From: Nick Kossifidis
Date: Tue Jun 15 2021 - 14:40:56 EST


Στις 2021-06-15 21:17, Geert Uytterhoeven έγραψε:
RISC-V uses platform-specific code to locate the elf core header in
memory. However, this does not conform to the standard
"linux,elfcorehdr" DT bindings, as it relies on a reserved memory node
with the "linux,elfcorehdr" compatible value, instead of on a
"linux,elfcorehdr" property under the "/chosen" node.

The non-compliant code can just be removed, as the standard behavior is
already implemented by platform-agnostic handling in the FDT core code.
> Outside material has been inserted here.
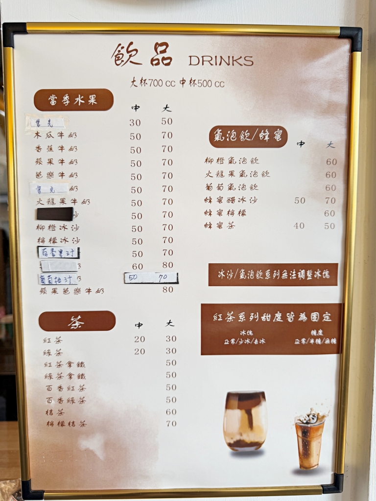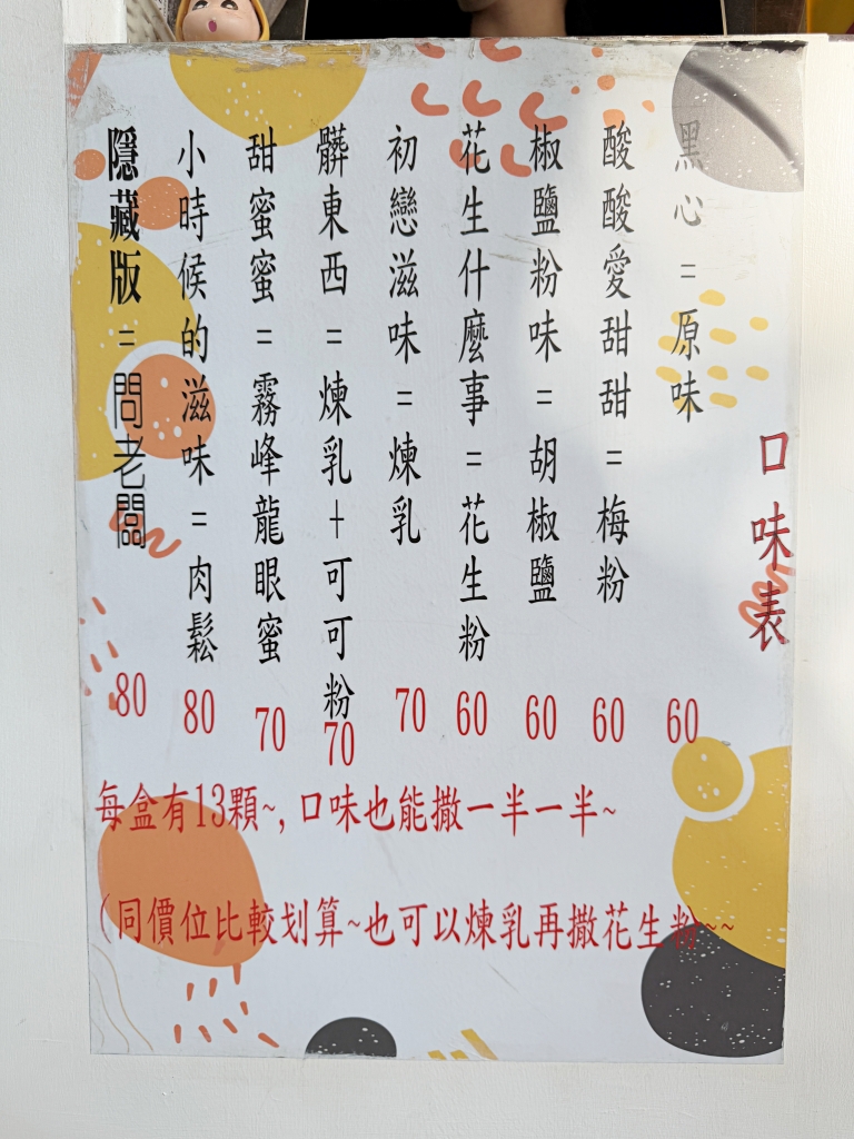 你猜猜黑心地瓜球的菜單資訊,每份黑心地瓜球共有13顆,口味非常豐富甚至還有限定的隱藏版口味,想要嘗試看看的話可以直接詢問店員,口味的部分也可以作半半比較不容易吃膩,除了招牌的地瓜球之外,還有提供許多冷熱茶飲讓大家搭配喔~

Fixes: 5640975003d0234d ("RISC-V: Add crash kernel support")
Signed-off-by: Geert Uytterhoeven <geert+renesas@xxxxxxxxx>

NACK

There is nothing standard about "linux,elfcorehdr", it's an arm64-specific property on /chosen and it's suboptimal, it gets the addr/length of ELF core of the previous kernel through that property and then goes on to reserve that region at:
https://elixir.bootlin.com/linux/v5.13-rc6/source/arch/arm64/mm/init.c#L155

Why on earth is this cleaner than just defining a reserved-region in the first place (a standard binding) with and hook up a callback with RESERVEDMEM_OF_DECLARE for it to also initialize elfcorehdr_addr/size ? If you don't like the compatible string I'm ok to change it, but this patch breaks kdump on riscv since that region won't be reserved any more and kernel will corrupt it.